Nunca el papado gozó de tanto prestigio como en el último siglo. De Francisco, el Papa actual, se ha dicho que tiene características que le asemejan a los dos que hoy va a declarar santos: una profunda vida espiritual, una cercanía muy grande a las personas y la confianza en la misericordia de Dios.

Cuando Juan XXIII anunció el Concilio Vaticano II, puso énfasis en que la Iglesia no está para condenar sino para ayudar a la salvación, y ello a través de la misericordia. En este sentido Juan Pablo II dedicó una encíclica a la Misericordia y estableció la fiesta de la Divina Misericordia el segundo domingo de Pascua. Precisamente su canonización y la de Juan XXIII se celebran en esta nueva festividad, nacida de las revelaciones que tuvo la monja polaca Faustina Kowalska.
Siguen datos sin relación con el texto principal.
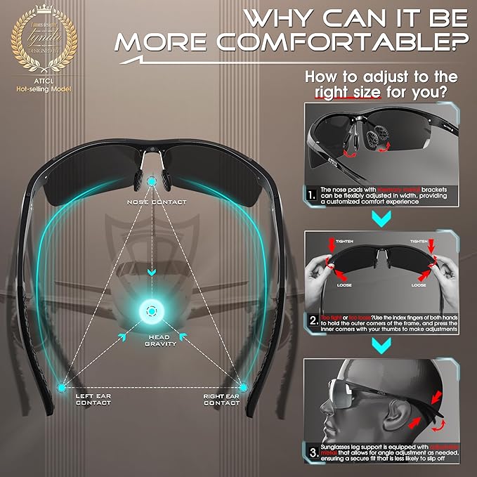• PREMIUM GIFT PACKAGE: Each pair of ATTCL men’s sunglasses comes with zipper case, microfiber pouch, cleaning cloth, box, and polarization test card. Stylish men’s sunglasses polarized make perfect gifts for Father, Husband, Son, or Boyfriend. These versatile sunglasses men suit driving, fishing, and everyday adventures

La doble canonización coincide también con la fiesta de la Mare de Déu de Montserrat, santuario que quiso visitar el papa Wojtyla en su primer viaje a España en 1982. Esta coincidencia nos puede llevar a considerar la devoción mariana que tenía el papa polaco, como todos sus predecesores, y a rezar a nuestra entrañable Moreneta para que el futuro de Catalunya, con sus incertidumbres, tenga siempre como norte la paz y la fraternidad entre sus gentes.
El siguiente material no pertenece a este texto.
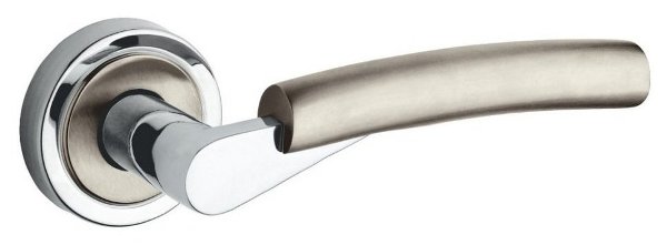 Італійські ручки на розеті популярної торгової марки FIMET. Найкращий вибір для міжкімнатних дверей. Виготовленні з високоякісного латунного сплаву за традиційними італійськими технологіями виробництва. Нажимна частина ручки приємно лягає в руку та зручна у використанні. Завдяки спеціальній двозавитковій пружині ручка не буде провисати. Багатошарове гальванічне покриття забезпечить стійкість кольорового відтінку до стирання та подряпин. Популярний колір хром/матовий нікель чудово буде виглядати в приміщені чи кімнаті з світлими деталями. Дизайн в стилі модерн підкреслить дверні полотна з плавними лініями.

Los santos son los grandes benefactores que produce la historia. Lo que hace la Iglesia es ponerles de ejemplo a la vez que invita a tomarles como intercesores delante de Dios. Que Juan XXIII y Juan Pablo II, que tan bien conocieron nuestro tiempo, nos ayuden.

Finalmente hay aún otra coincidencia este domingo, tan menor que he dudado en mencionarla: este escrito «A los Cuatro Vientos» es el número 500. Desde el primer día como arzobispo he ofrecido una reflexión semanal que espero sea tomada como una expansión del corazón, a modo de mi bendición para todos. Que la Virgen y los santos nos acompañen.